The atmosphere while filming was electric. Everyone felt this energy vibrating through the air, with 9 people all working together simultaneously to create the best album we’d ever done. You’d pop your head into one room and see someone recording a verse, go outside and witness a couple of artists intensely bobbing their heads to a beat they were writing to, or go into another room to pick out your own beats to start a track with. Despite all their collective years of making music, everyone I talked to said they had never experienced anything like this before or since.

How do you envision the future of White Collar Rhymes and its role in fostering creative communities beyond music?

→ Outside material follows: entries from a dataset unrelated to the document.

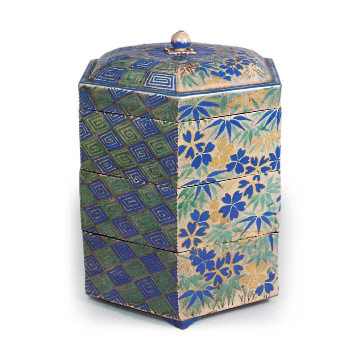 色绘樱花纹六角重箱 京都烧色绘樱花纹六角重箱 2026.03.10 色绘樱花纹六角重箱 高21.2厘米 口径13.9×13.9厘米 三脚此为六角三层重箱,饰有象征花蕾的镞形纽扣,箱盖顶部呈隆起拱形。盖沿饰以菊花花瓣纹样,自盖顶延伸至侧面绘有雷纹,三面则分三层描绘竹与樱花纹样。底部三面设有支脚,从内盖底至各层箱身饰有大小菊花交织的唐草纹样。尤为罕见的是,上层箱身底面以青彩勾勒出纱绫纹样线描。
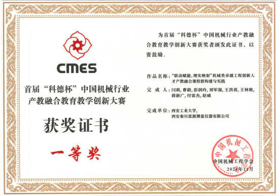 本次大赛由中国机械工程学会、中国机械行业卓越工程师教育联盟、中国科技发展基金会联合主办,旨在促进机械行业产教深度融合,推动公司产品模式创新。大赛设本科组、研究生组,历经区域赛、国赛两个阶段展开。经过专家函评和现场答辩,由闫莉教授团队与西安秦川思源测量仪器有限公司联合申报的《“联动赋能、理实映射”机械类卓越工程创新人才产教融合课程群构建与实践》项目获得了全国一等奖。
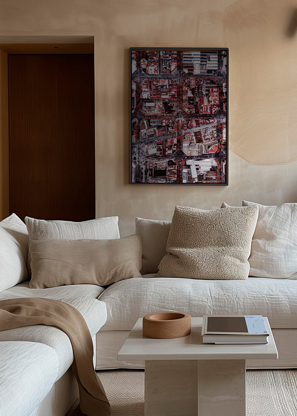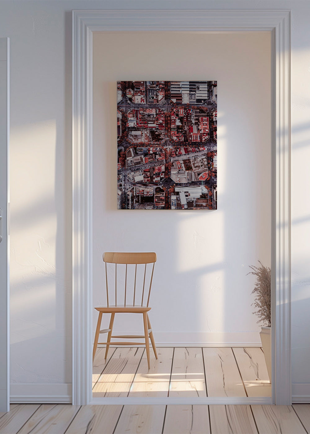 Una stampa della nostra collezione di stampe e quadri architettonici, realizzata da Chris Abatzis, con tonalità di colori rossi, e con disposizione verticale. Se ami passare ore e ore a girovagare senza meta alla scoperta di nuovi angoli di mondo, questo è il quadro che fa per te. Cambia il look dei tuoi ambienti con un tocco artistico.
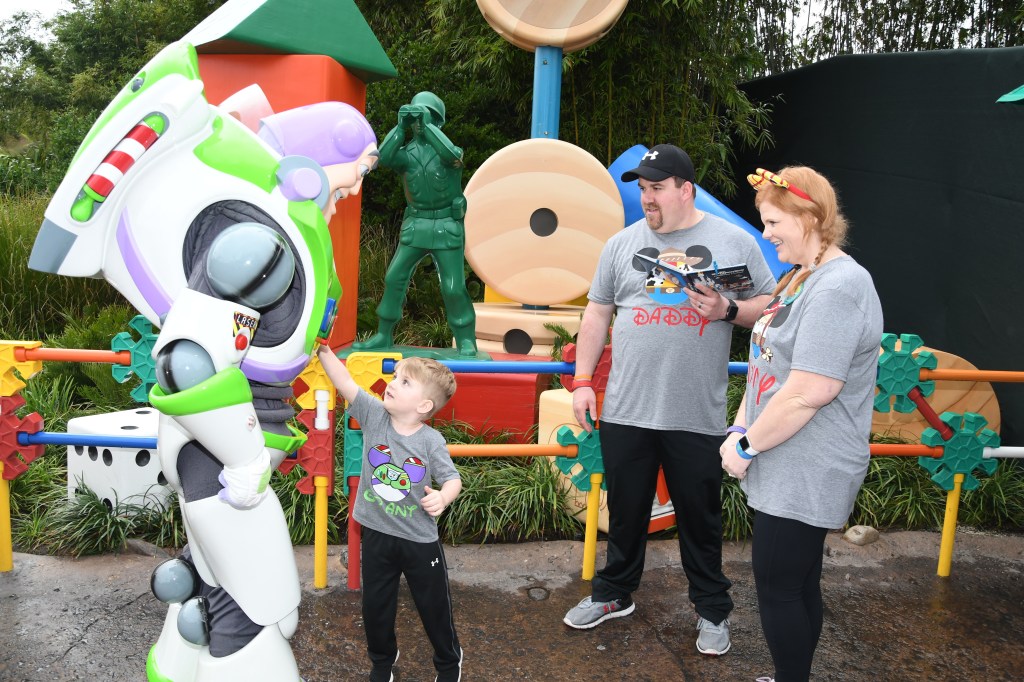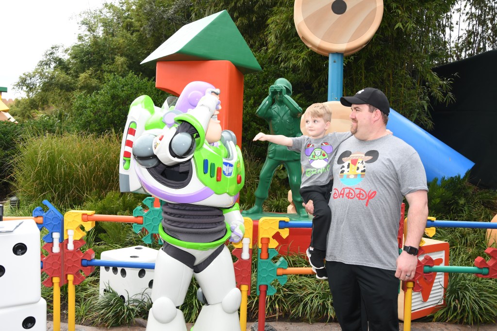 We got in line to meet Buzz next and while we were in line noticed a memory maker in front of the Toy Story Land sign so we left mom in the line and ran down to get some pictures made with the perfect photo prop for my Toy Story loving boy!
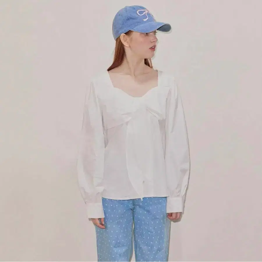 ronron 화이트 V넥 볼륨 슬리브 셔츠
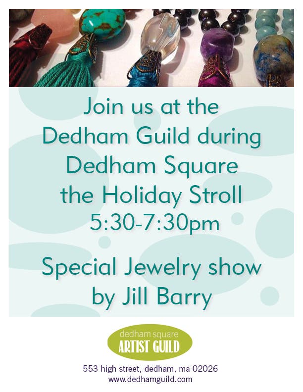Visit the Dedham Square Artist Guild for a special Jewelry show by Jill Barry and enjoy this holiday kick-off event
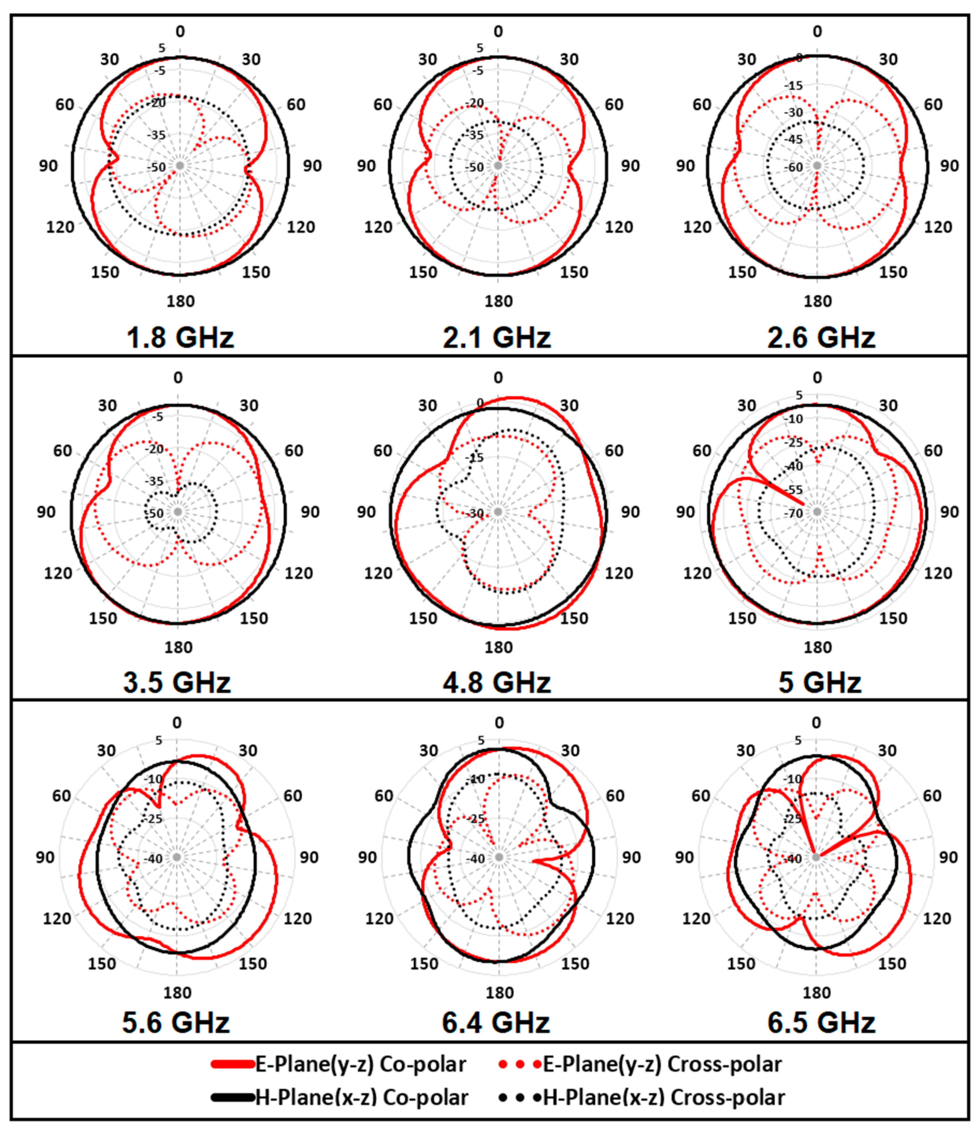 | Ref. | Dimensions (mm3) | Total No of Operating Bands | Operating Frequencies (GHz) | Bandwidth (MHz) | Peak Gains (dBi) | Radiation Efficiency (%) |
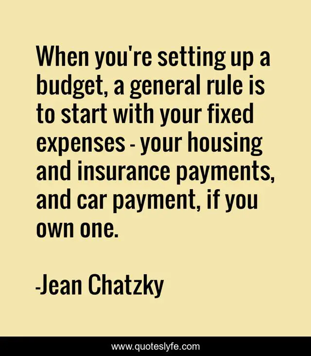 This page presents the quote "When you're setting up a budget, a general rule is to start with your fixed expenses - your housing and insurance payments, and car payment, if you own one.". Author of this quote is Jean Chatzky. This quote is about start, budget, insurance,.
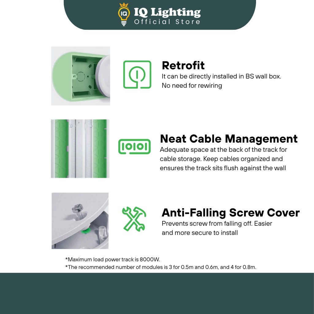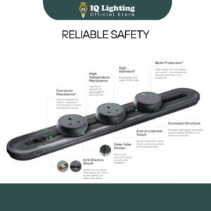 reTouch Power Track is designed carefully to prevent finger shock with fingerproof opening and grounding structure. All conductive items plugged into the track are electrically grounded and safe to use. It’s also made with sturdy aluminum body with fire retardant parts.
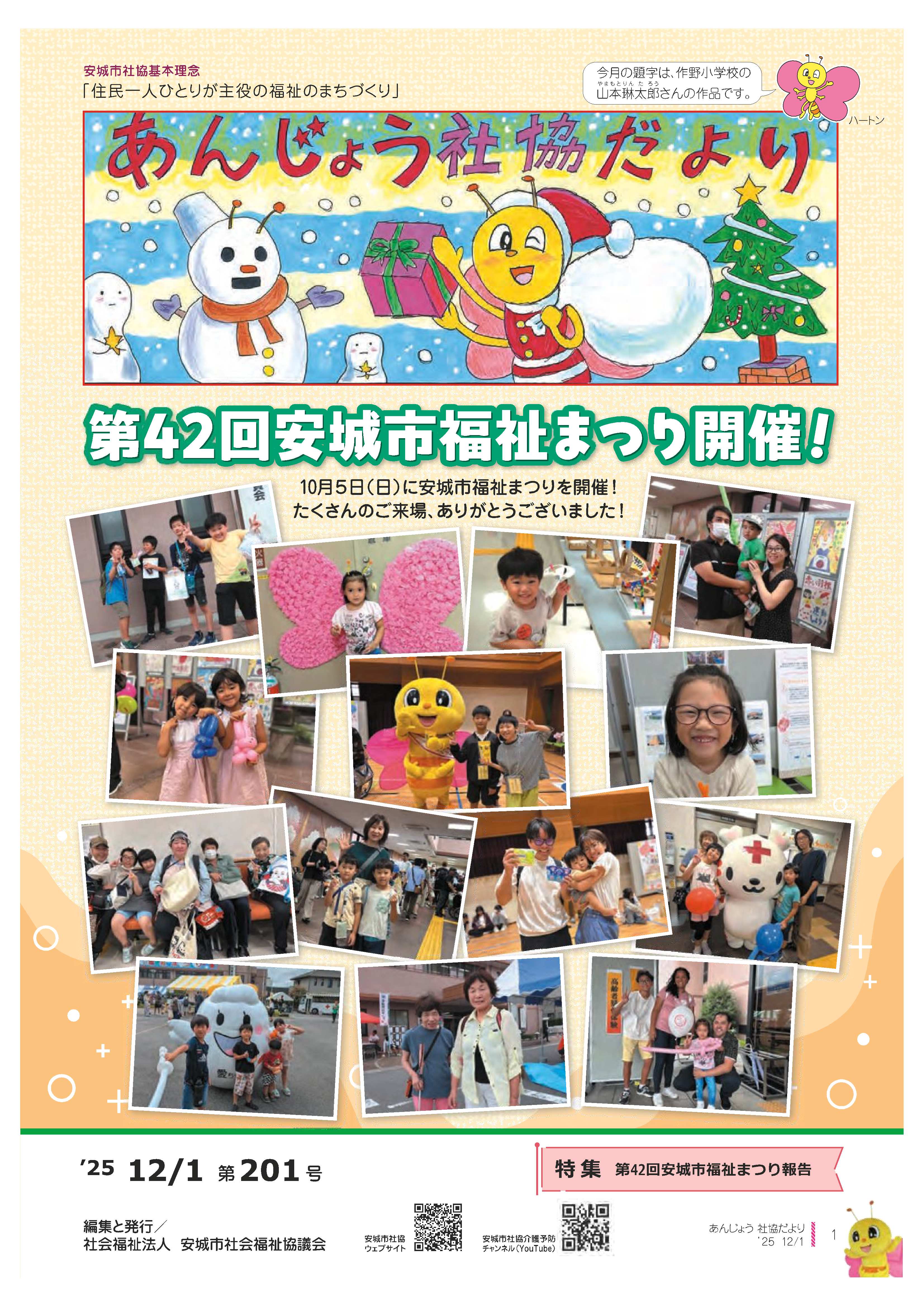 一覧へ 2025年 発行日 令和7年12月1日 主な内容 第42回安城市福祉まつり報告 ファイル名(形式:サイズ) 社協だより第201号(PDF形式:3.1MB) 広報紙データ ダウンロード サムネイル

I feel like anyone can take our concept and make it their own. Imagine a group of talented artists with different specializations locking themselves in a house to create a mural together. A bunch of actors could live in the same house while going out to auditions, then come back to commiserate or celebrate together. Comedians stuck in the same house would roast each other, inspiring endless jokes at each other’s expense. Whatever the creative pursuit or dream, showcasing those willing to put everything aside and sacrifice to follow their passions is something I’d watch every time.

Lastly, what advice would you give to aspiring artists and creatives who may be struggling to balance their passions with other responsibilities in life?

Obviously, there are only so many hours in the day, and in the real world, you have deadlines and other obligations that demand your attention. I realized that many times I was just distracted by the comfort of a routine I accidentally established, which got me no closer to my goals and wasted a lot of my time. I’d spend countless hours doomscrolling on social media or filling my brain with whatever junk I came across on streaming services. Often, it isn’t the responsibilities themselves but the moments in between where you feel checked out or exhausted that you could be filling with higher quality activities. Remembering the “why” behind your passion helps you prioritize what’s truly important and find time to do the things you love rather than the things you’re forced to do.